Only one stretch of the data below is wanted: the lines starting at the one with "Featuring a beautifully" and ending at the one with "1、打开游戏应用商店,点击底部首页选项,进入首页界面。", both included, given again exactly.

**Exercise material:**
____

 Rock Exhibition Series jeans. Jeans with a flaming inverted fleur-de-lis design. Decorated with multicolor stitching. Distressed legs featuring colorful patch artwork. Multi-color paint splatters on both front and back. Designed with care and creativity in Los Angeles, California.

____

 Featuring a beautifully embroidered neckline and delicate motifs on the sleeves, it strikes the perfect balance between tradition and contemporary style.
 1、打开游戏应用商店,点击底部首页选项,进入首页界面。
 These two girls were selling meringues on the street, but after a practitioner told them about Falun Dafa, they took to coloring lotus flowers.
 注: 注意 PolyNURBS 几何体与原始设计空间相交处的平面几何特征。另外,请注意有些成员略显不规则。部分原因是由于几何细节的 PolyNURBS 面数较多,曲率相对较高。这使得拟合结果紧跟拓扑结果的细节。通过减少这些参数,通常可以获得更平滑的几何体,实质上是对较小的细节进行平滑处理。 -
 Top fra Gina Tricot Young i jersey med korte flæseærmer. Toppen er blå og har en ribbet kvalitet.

____

**Output:**
 Featuring a beautifully embroidered neckline and delicate motifs on the sleeves, it strikes the perfect balance between tradition and contemporary style.
 1、打开游戏应用商店,点击底部首页选项,进入首页界面。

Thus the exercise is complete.